Moses has not stated the basis for her damages claim of $10 million, and I am not satisfied that it is reasonably probable that she can recover more than $75, 000 in this action. The Court of Appeals for the Second Circuit has cautioned that courts should afford plaintiffs an opportunity to show good faith in believing that a recovery in excess of the jurisdictional amount is possible, Chase Manhattan Bank, 93 F.3d at 1070. Accordingly, I grant leave to amend the complaint to assert grounds for diversity jurisdiction. See Branum v. Clark, 927 F.2d 698, 705 (2d Cir. 1991).

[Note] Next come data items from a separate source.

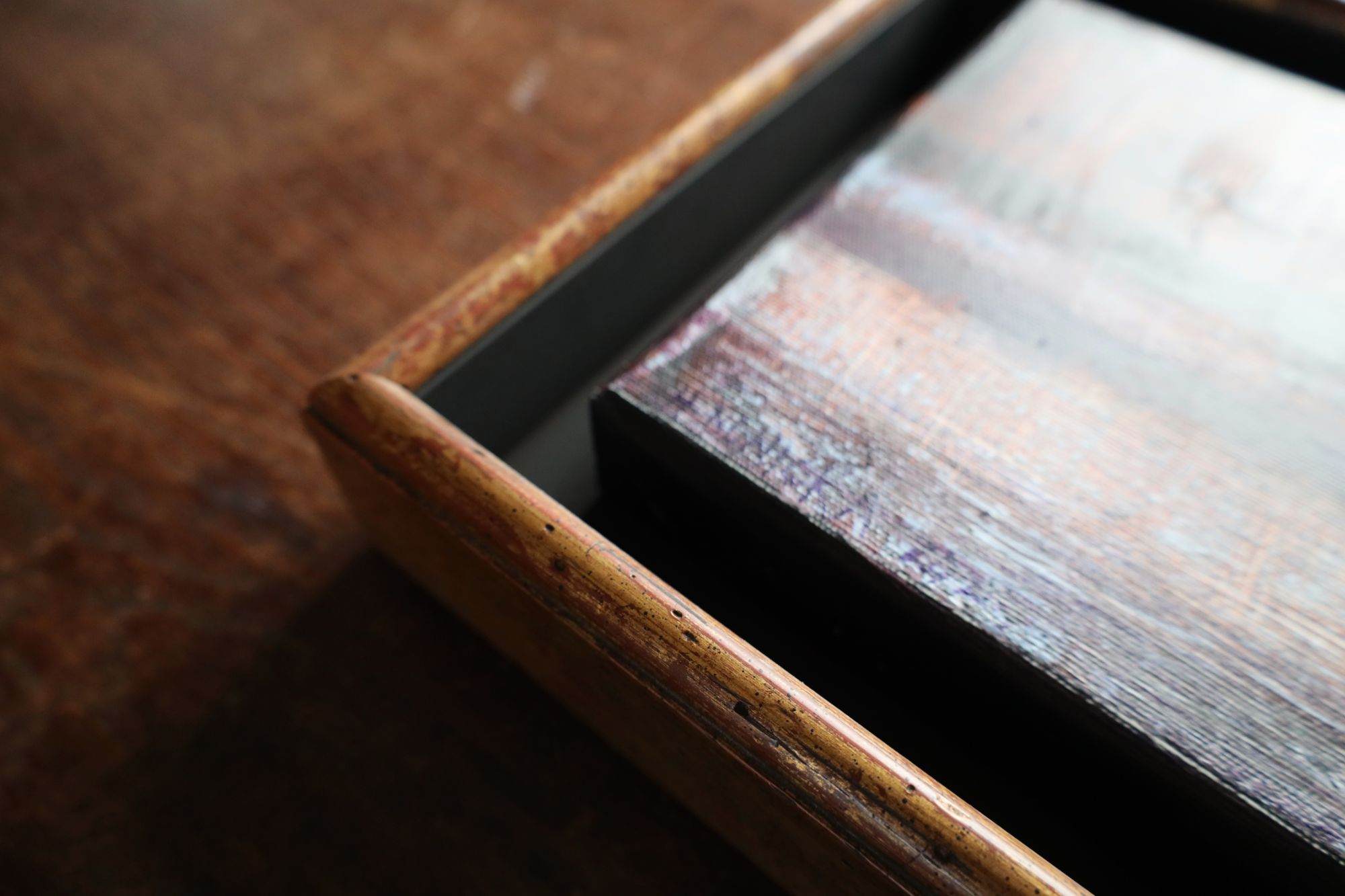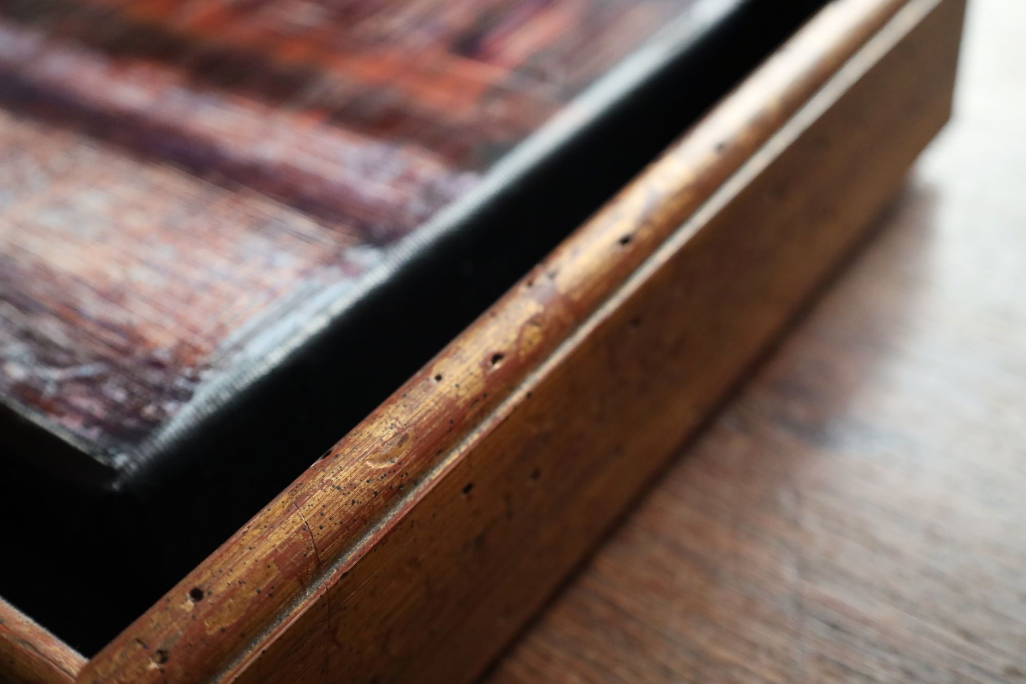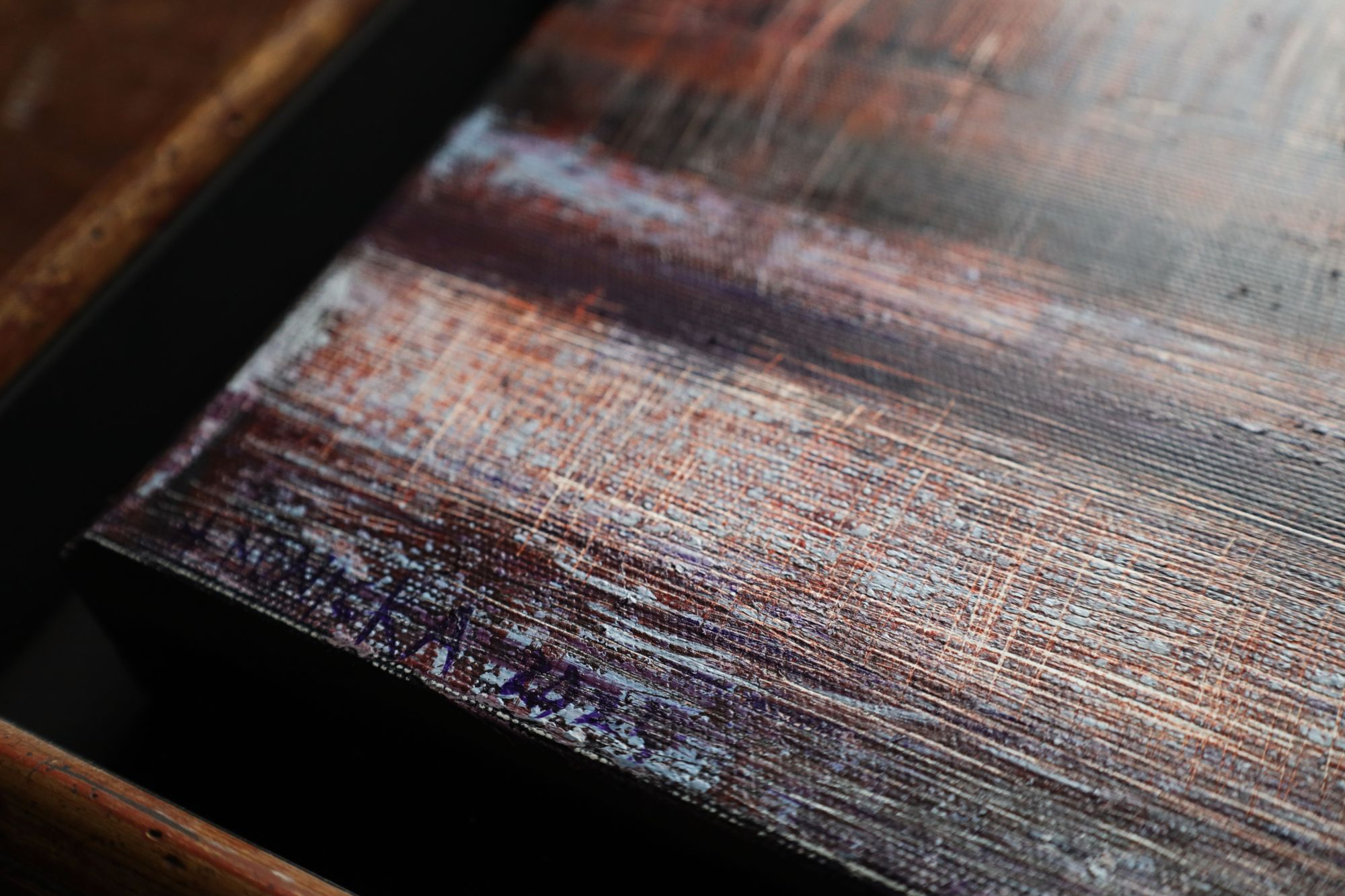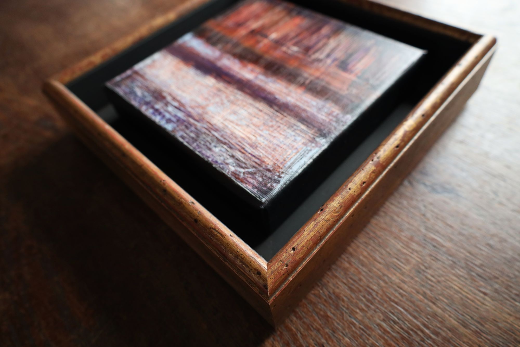 Obraz jest oprawiony w drewnianą ramę typu american box , ręcznie wykończoną, w kolorach brązu i złota. Wysokość obrazu w ramie to 6,5 cm.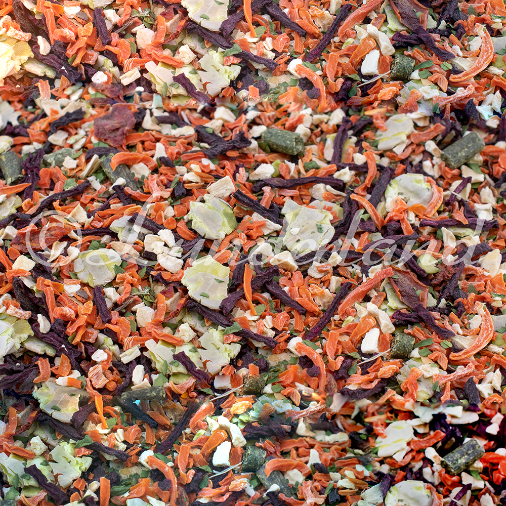 Karotte, Pastinake, Rote Beete, Luzerne, Petersilienstängel, Petersilienwurzel, Tomate, Broccoli, Grünkohl, Spinat, Wirsingkohl; Dill, Brennnessel, Löwenzahn - getreidefrei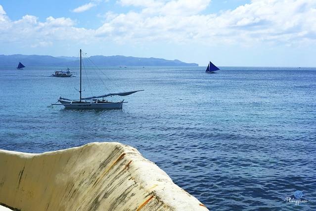 坐车没有几分钟就到了Caticlan码头,下面要换船去长滩岛码头。船都不大,乘客要走过一段搭在船和岸之间的狭窄木板上船,提着行李确实不太方便。有当地人帮忙提上去,给了小费50P。下了船接驳我们不是van,而是类似景区电瓶车的敞篷车,送我们到酒店大门。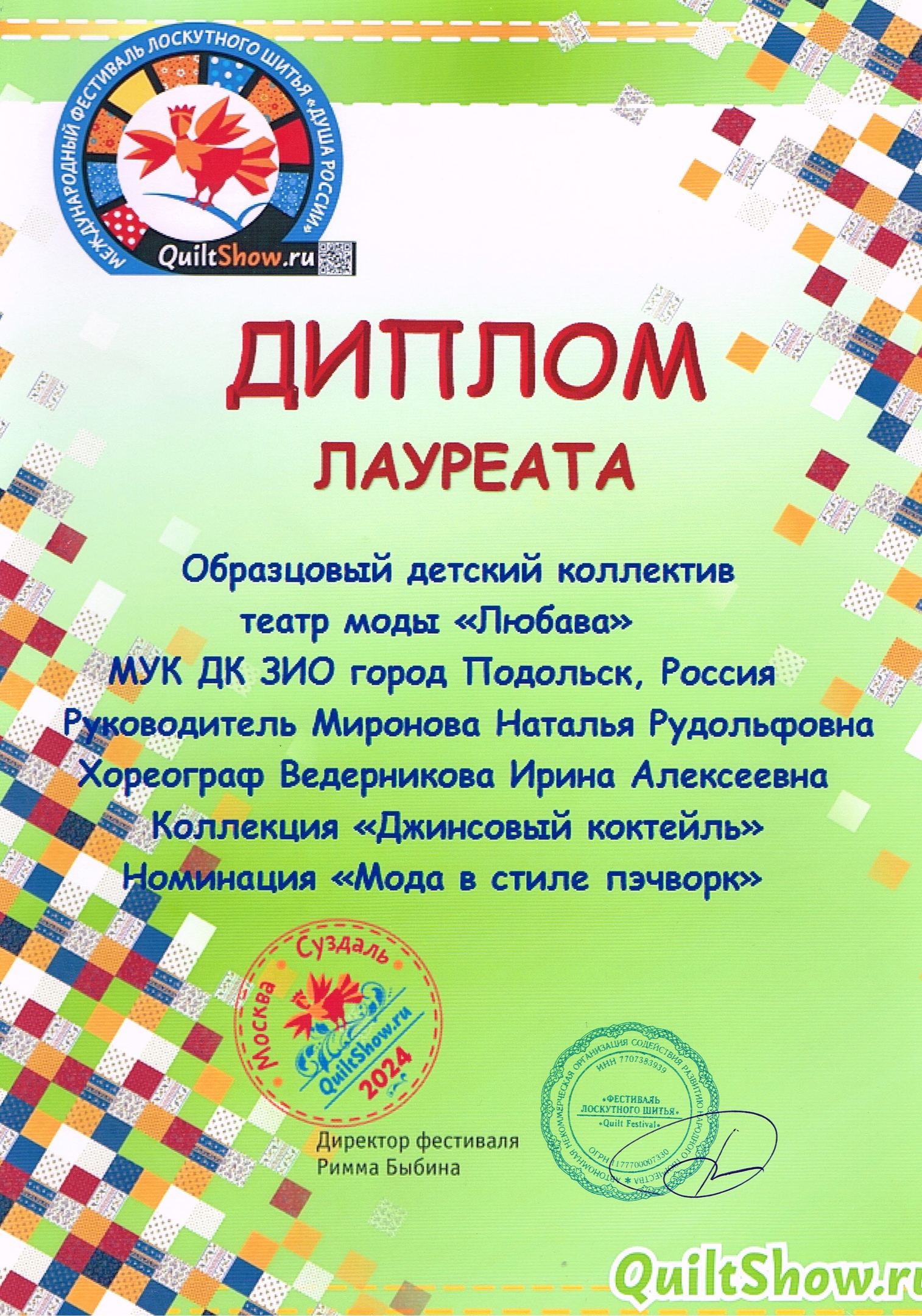 Образцовый коллектив Театр моды «Любава» вновь подтвердил свой высокий профессиональный уровень, став Дважды Лауреатом на конкурсе «Мода в стиле пэчворк» в рамках фестиваля Лоскутного шитья «Душа России».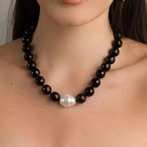 Colar Banho de Ouro 18k Pérola Barroca e Ágata Sintética

The Complaint fails to clearly establish any federal question or an adequate basis for an amount in controversy that would bring this case under diversity jurisdiction. Moses is afforded 30 days within which she may file an amended complaint that asserts a valid basis for federal jurisdiction over her claims. She must specify the harm for which she seeks financial recovery and the basis for the amount in controversy. If she believes that she can advance a claim under the FDCPA or any other provision of federal law, she may include any factual details in support of these claims. If available, Moses should attach copies of documents from Alliance Mortgage Corporation and J.P. Morgan Chase Bank, N.A. to support her claims. The amended complaint must be captioned, “Amended Complaint, ” and shall bear the same docket number as this Order. All further proceedings shall be stayed for 30 days. I certify pursuant to 28 U.S.C. § 1915(a)(3) that any appeal would not be taken in good faith and therefore in forma pauperis status is denied for purpose of an appeal. Coppedge v. United States, 369 U.S. 438, 444-45 (1962).